As the innings went on, we took a comfortable lead. I was playing 3B, had a hit, 3 RBIs and 2 stolen bases through the first 7 innings. I was feeling the energy. In the 8th inning, I got the call to the hill to close out the last 2 innings. I walked the first batter while finding my bearings. The next batter hit into a double play. I struck out the following batter on a bubble curve to end the inning. 

When I stepped back on the rubber for the final inning, I was feeling a high you can't get anywhere else but the baseball field. The first batter stepped in and on one pitch, he grounded out. The next batter battled a bit more, but eventually flew out to shallow center. As the next batter stepped in, I glanced at the on deck circle and saw Silky preparing for a turn. 

I won't say the fastball I threw next was right down the middle on purpose, but it wasn't an accident, if you know what I'm saying. The guy took the hint and hit a grounder through the hole on the right side. While I don't like to give up a hit, this was the opportunity I'd been waiting for. In stepped Silk, a big, muscular guy. A power hitter by trade. 60 and a half feet away I stood, all 5'9" of me. I'd told him in conversations leading up to this face off, I'd give him 1 fastball. If he hit a bomb, I'd tip my cap. If I struck him out, he'd do the same. 
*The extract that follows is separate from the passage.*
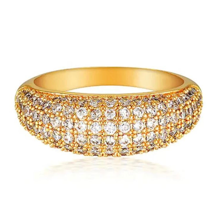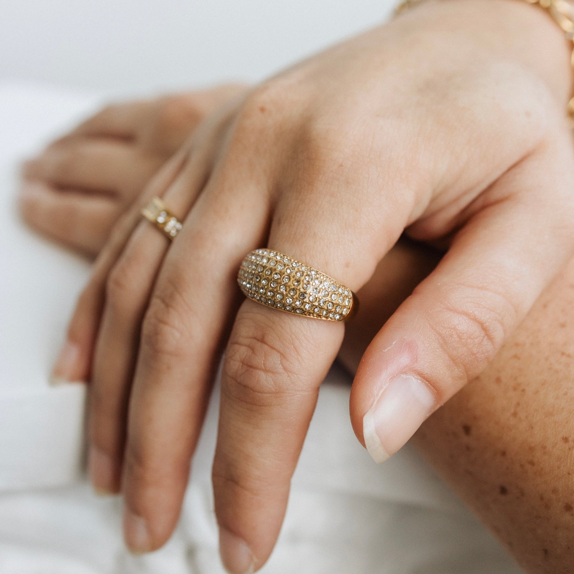 The Melinda ring is pure glam. This jewel encrusted dome design is such a statement piece and sure to turn heads.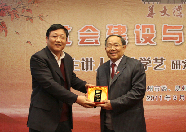 泉州市政协主席杨俊峰向陆学艺教授颁授“华大讲堂”主讲嘉宾纪念牌

Hard thrower is a description that's never been ascribed to me. I'm a junk baller all the way. I live on the mound with a slider, 3 curves and 2 fastballs, none of which go straight. I'd promised him 1 fastball. I threw him 4 in a row. I don't think he was ready for them to be 60mph cutters though. On the 4th one he fouled it off hard and I hoped my catcher was on the same wave length with me. 

I looked in for the sign and sure enough I got what I wanted. I came to the set position. Took a breath and knew this was it. I went into my slide step, arm cooked and hurled. The slider started over the middle of the plate and by the time Silky's bat was swinging a foot over it, it was ankle high and 6 inches outside, going into the catcher's glove to end the game. 

Silky, indeed, tipped his batting helmet. 

That was the highlight of the tournament for me, even though we had 3 more games to play. I rode that high for three weeks.

Three weeks later, Silky and I were on the same side of the field, playing together for the Oklahoma Baseball Team at the MSBL World Series. 

It's the love of baseball that makes these moments possible and for that I'm always grateful.